(STORED DATA Opens)
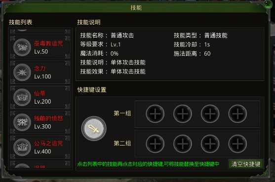Lv1 普通攻击:单体攻击,距离60,冷却1秒,不耗蓝。
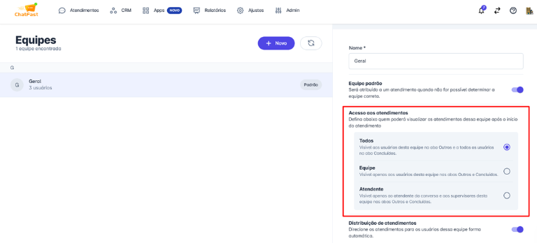 📌 Se você precisa que toda a equipe tenha acesso às conversas → Escolha a opção "Todos".\ 📌 Se deseja restringir o acesso apenas à equipe responsável → Use a configuração "Equipe".\ 📌 Se quer um atendimento mais restrito, acessível apenas pelo atendente e supervisores → Opte por "Atendente".
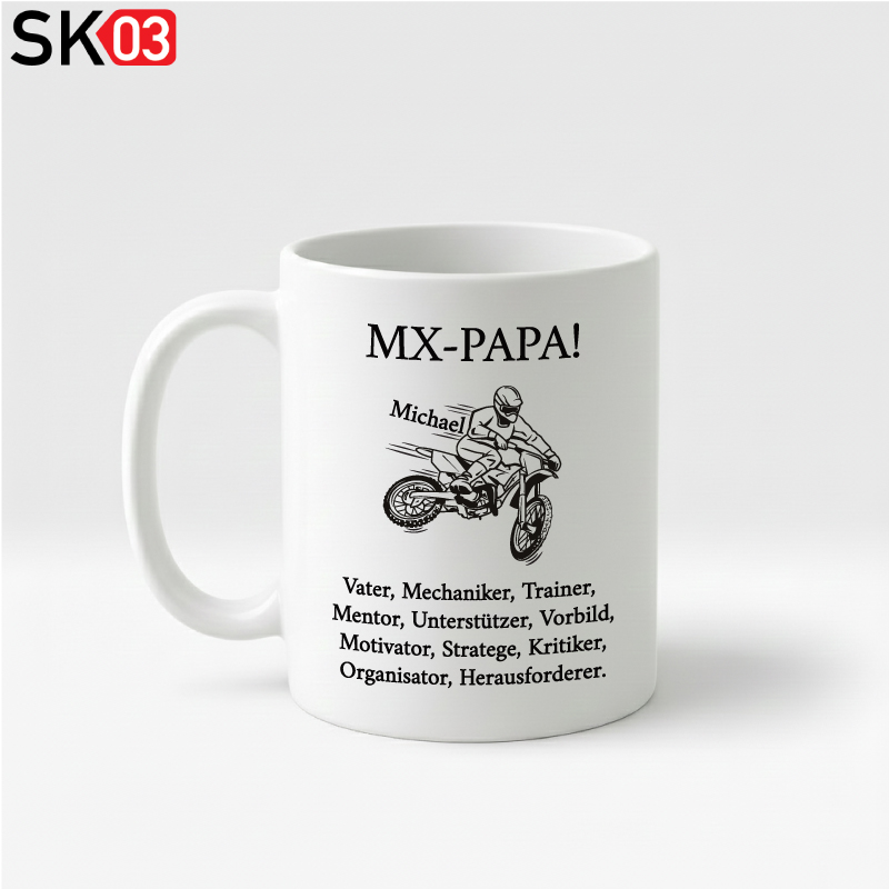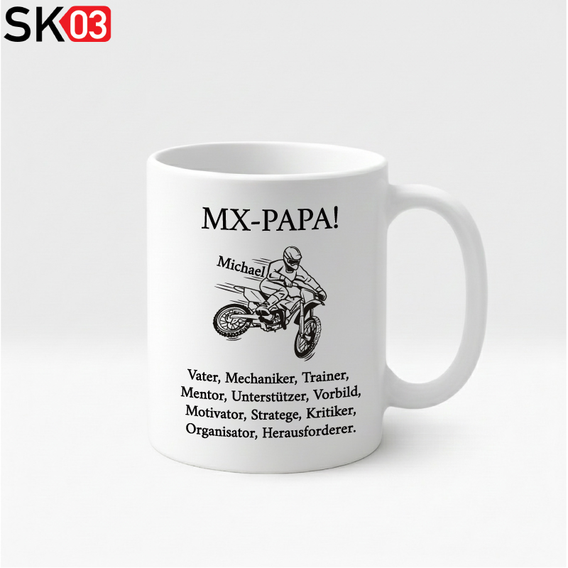Geschenk Motocross Fahrer Enduro Tasse mit Papa Namen personalisierte Geschenkidee Danke sagen Vater
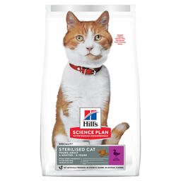 Сухой корм с уткой для молодых стерилизованных кошек и кастрированных котов Hill's Science Plan Sterilised Cat содержит уникальную формулу контроля веса, поддерживающую идеальный вес, а также сбалансированный набор минералов для поддержания здоровья функций почек и мочевого пузыря.
(STORED DATA Closes)
• _WORK REQUIRED_: Your task is to repeat the material above exactly, without its pictures.

• _EXERCISE ANSWER_:
Lv1 普通攻击:单体攻击,距离60,冷却1秒,不耗蓝。
 📌 Se você precisa que toda a equipe tenha acesso às conversas → Escolha a opção "Todos".\ 📌 Se deseja restringir o acesso apenas à equipe responsável → Use a configuração "Equipe".\ 📌 Se quer um atendimento mais restrito, acessível apenas pelo atendente e supervisores → Opte por "Atendente".
Geschenk Motocross Fahrer Enduro Tasse mit Papa Namen personalisierte Geschenkidee Danke sagen Vater
 Сухой корм с уткой для молодых стерилизованных кошек и кастрированных котов Hill's Science Plan Sterilised Cat содержит уникальную формулу контроля веса, поддерживающую идеальный вес, а также сбалансированный набор минералов для поддержания здоровья функций почек и мочевого пузыря.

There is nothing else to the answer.